I'm don't want to just do another round of filtering because in the example data we go from ~16000 genes down to 15 after filtering, I want to signal an issue when such loss of data happens. I will need to think about how to handle this situation.

Kind regards, Shian

zoe106 commented 4 years ago

hi Shian, Great thanks for your reply. I realize there is no need to do another round of filtering because in my data we go from ~2397 genes down to zero after filtering. Perhaps I need to soften the cutoff of keep1 and keep2 a little bit. keep1 <- rowMeans(counts(sce_qc)) > 1 # average count larger than one keep2 <- rowSums(counts(sce_qc) > 0) > 2 # expressed in at least three cells Thanks you again for your time and help. I will continue to look for updates.

Best, Zoe

At 2020-01-08 10:35:29, "Shian Su" notifications@github.com wrote:

@zoe106 Thanks for looking into it further. You are right that some cell counts go to zero when gene filtering is done. In the case of the example data we provide, because it's a tiny subset, most genes do not reach the expression threshold.

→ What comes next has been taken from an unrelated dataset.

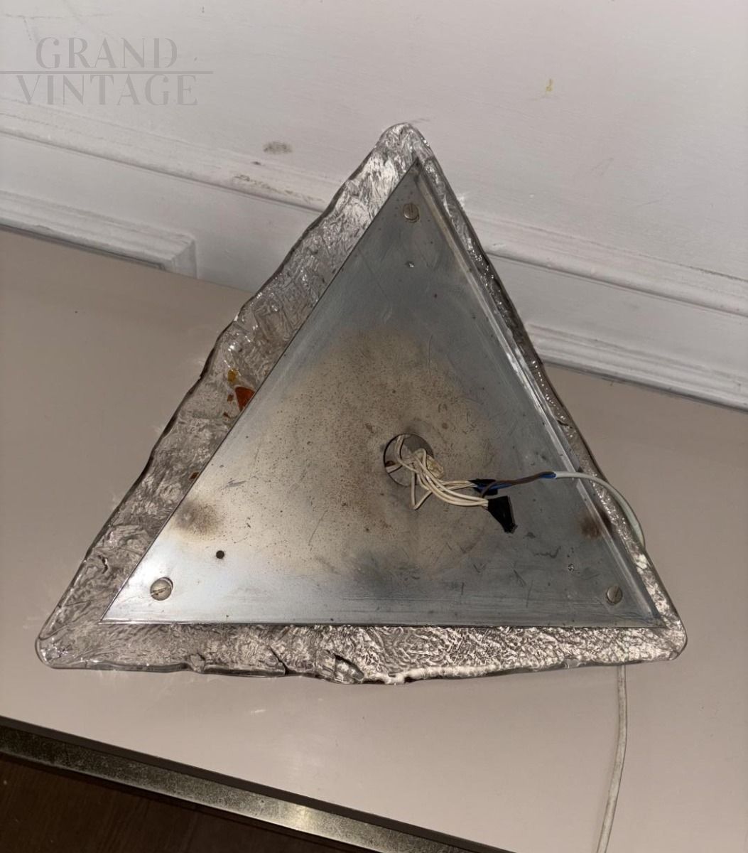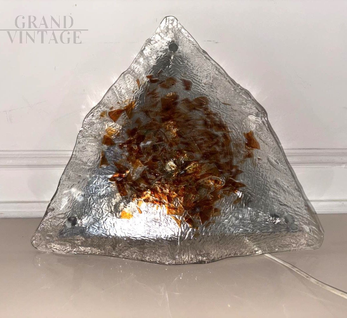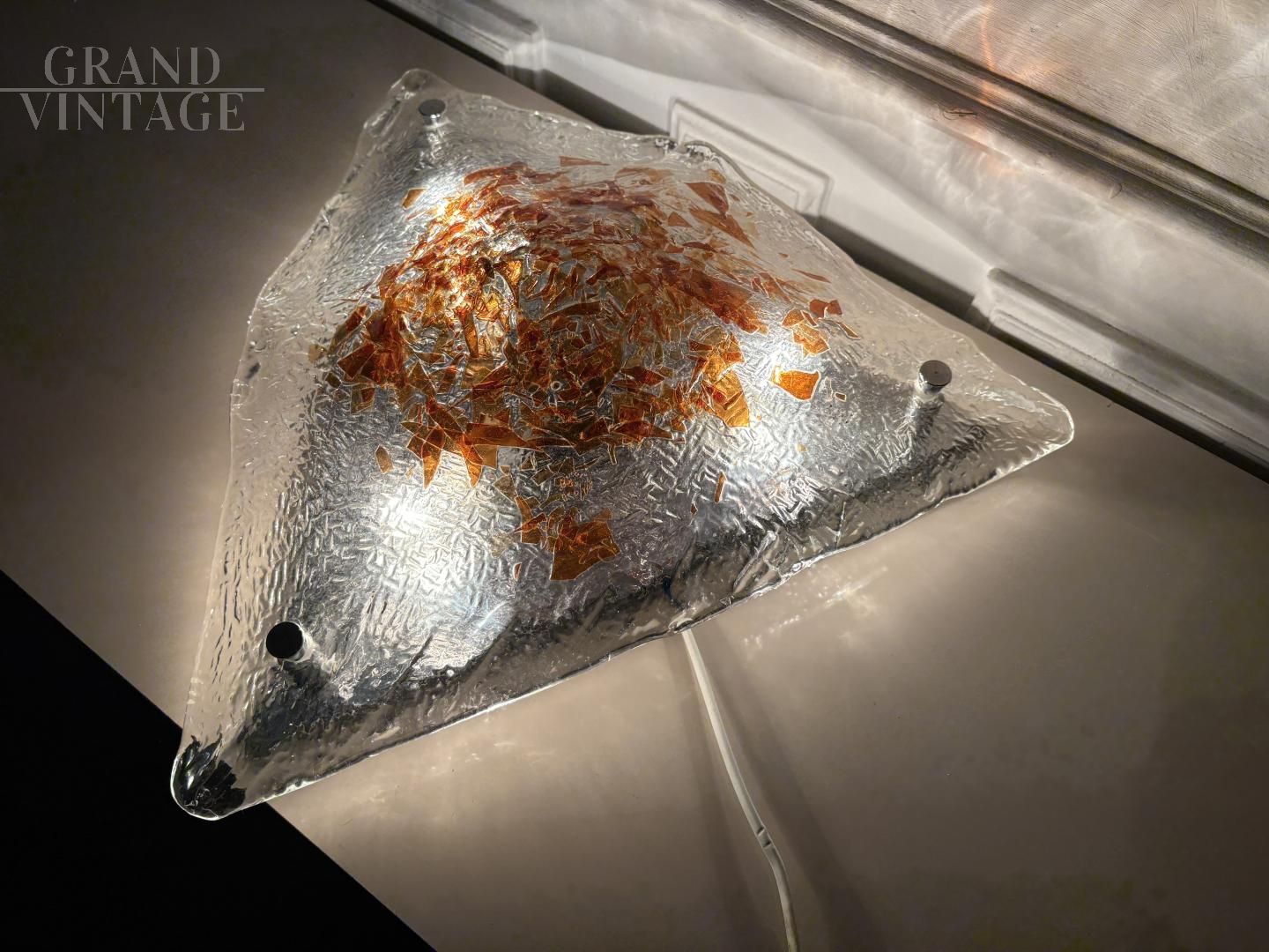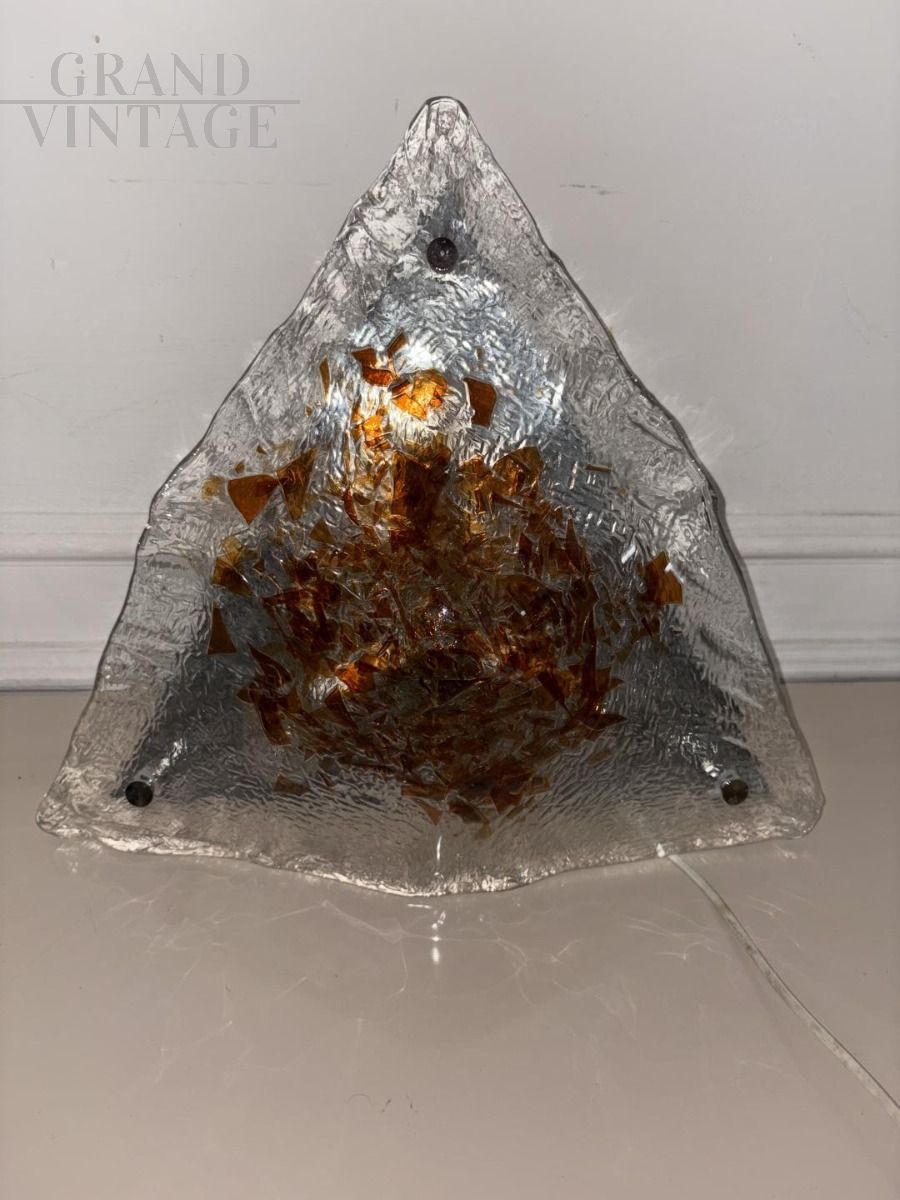 Applique plafoniera triangolare in vetro di Murano lavorato nei colori trasparente e ambrato, larghezza 43 cm, altezza 11 cm.

I'm don't want to just do another round of filtering because in the example data we go from ~16000 genes down to 15 after filtering, I want to signal an issue when such loss of data happens. I will need to think about how to handle this situation.

Kind regards, Shian

— You are receiving this because you were mentioned. Reply to this email directly, view it on GitHub, or unsubscribe.

LuyiTian commented 4 years ago

keep1 <- rowMeans(counts(sce_qc)) > 1 this is the strong condition. you can replace it with keep1 = (apply(counts(sce), 1, function(x) mean(x[x>0])) > 1).

I would recommond you checking your data. It is strange that no gene left after filtering.